Current studies of IMC analysis in the literature use simple statistical approaches. Here, we want to take advantage of the high-throughput nature of imaging mass cytometry data by developing a machine learning-based analysis pipeline.

Result

Developed a standardized machine learning-based analysis pipeline for IMC data for predicting various clinical outcomes of a cancer patient. We also introduced a novel augmentation approach that is specific to IMC data.

Introduction

Both tumour cells and the tumor microenvironemnt (TME) are important considerations when evaluating various cancers at the tissue level. With time, cancer cells evolve and are able to evade destruction by cells of the immune system, resulting in the formation of a tumor. Because of this, it’s important to obtain a better understanding of the various cell types within the TME, since they may contribute to tumor progression.

Tumour microenvironment - network of blood and lymphatic vessels, extracellular matrix, and various cells surrounding a tumour including stromal cells and immune cells.

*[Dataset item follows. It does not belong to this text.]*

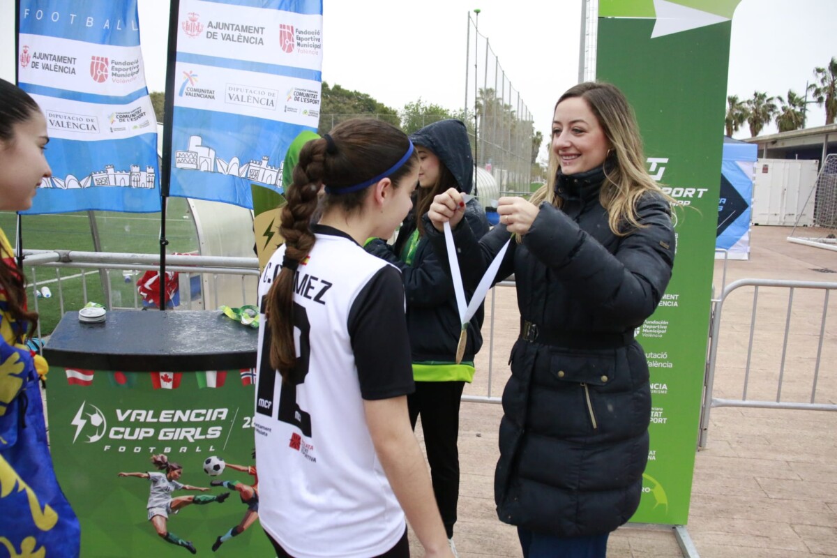 Cronológicamente, las finales siguieron con la categoría de menor edad en esta edición de la Valencia Cup Girls, con la sub’12 en fútbol 8. Y hubo derbi, una semana antes de que Valencia y Levante se encuentren en la Liga F en Mestalla. En este caso sus equipos formativos buscaron el título de este torneo internacional femenino de fútbol base. La victoria fue blanquinegra por 2-0 y el MVP fue para la valencianista Carmen Matas, quien precisamente llegaba tras haber logrado el reconocimiento de mejor jugadora en el campeonato de España sub’12 conquistado por la Comunidad Valenciana. Fernando Brotons, también director del campeonato, desarrollado en la Ciudad del Turia entre el 28 y el 31 de marzo, hizo entrega de las medallas y los trofeos.

For this project, we do this using the Hyperion^TM imaging system, which is an imaging mass cytometry (IMC) technology capable of high-throughput imaging of cells and proteins in situ. It produces multi-channel images per tissue sample, where each channel highlights the expression level of a given protein. Based on these expression levels, we can then identify the different cell types in the sample. IMC data have been used in cancer analysis studies in the past, however since it is a relatively new technology, these studies are limited and use regular statistical approaches rather than machine learning (ML) to estimate clinical outcomes. Hence, there’s a much needed urgency to leverage the quantitative nature of this technology.

The goal of the task here is to develop an end-to-end pipeline for ML-based analysis of IMC multi-channel data including a novel cell-level augmentation approach to increase data diversity, hence the generalizability of ML models. To demonstrate the utility of the proposed pipeline, we studied the association of the TME with various clinical parameters in a cohort of patients with muscle invasive bladder cancer (MIBC). We designed several experiments with signatures of IMC data and classification approaches and demonstrated that the combination of cell types found within the TME show promise as a foundation for future clinical research in this field.

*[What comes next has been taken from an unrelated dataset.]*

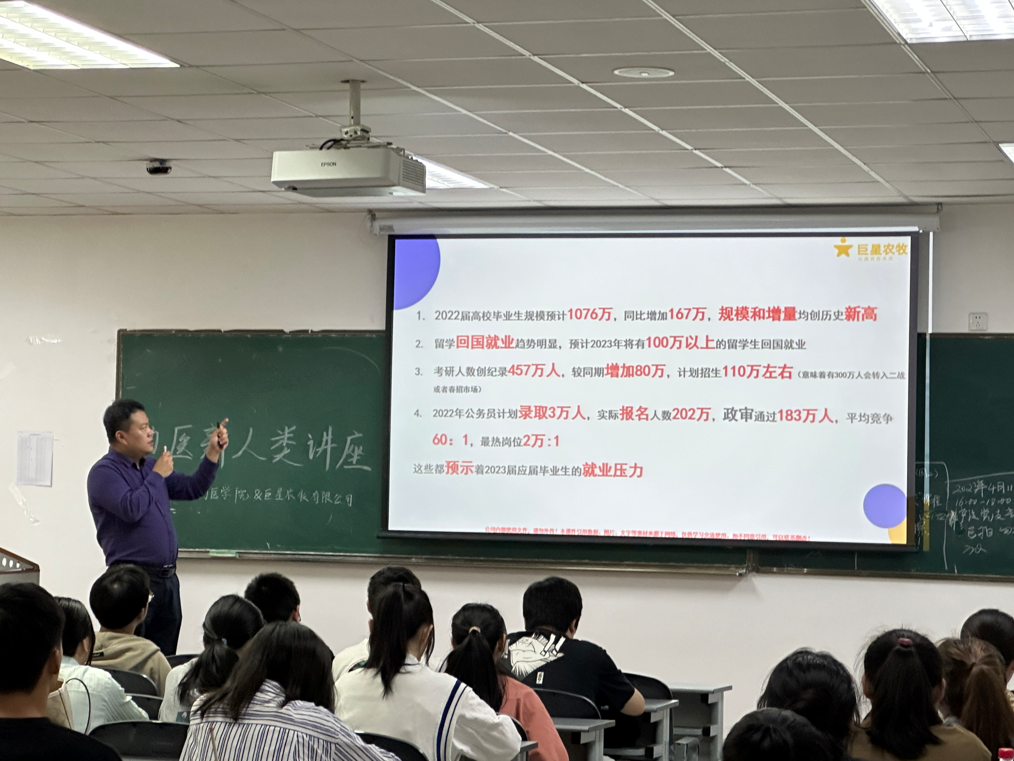 目前生猪养殖市场消费需求大,四川一省生猪出栏量位列全国第一,拥有极大的销售市场,行业发展极具潜力,而本行业所面临的“厚雪”则是小型企业成众,大型企业寡薄。为此,刘宏伟询问同学们:“是去大公司好,还是小公司好?”同学们各抒己见。刘宏伟结合自己多年的工作经验给小班成员进行解释,最终他建议大公司更适合应届毕业生学习知识,收获经验。

Note: You can find the code in this Github repository.

Multi-channel images are acquired from tissue samples using IMC. Individual cells within samples are segmented and labelled as cell types. Data is augmented using the proposed sector elimination approach. Feature are extracted based on cell proportion in the samples. The average performance in cancer recurrence estimation is evaluated for different feature subsets and classification models, using 4-fold cross validation.

The Data

We used 30 tissue samples collected from 15 MIBC patients who underwent a cystectomy (removal of the bladder). For each patient, 10 binary (yes/no) clinical parameters were also collected, including smoking, lymph node spread (LN), and other prognostic features. The tissue samples were stained with 28 protein markers and imaged using the Hyperion^TM, creating a multi-channel image where each channel represents the expression of a given protein. This expression information is then used by a pathologist to identify the cell types within each sample, explained in detail in Data Pre-Processing. The proportions of each cell type for a given sample are then represented as a vector and form the features that will be used for ML experiments.

Data Pre-Processing

In order to get the protein expression of each individual cell, we first need to segment the cells. To do this, we used the IMC processing and analysis software I developed, TITAN. Once the cells were segmented and we got a resulting cell mask for each sample, we identified the average protein expression for each protein within each cell. This represents the expression of the given protein for that cell, meaning each cell was now represented by 28 protein expressions.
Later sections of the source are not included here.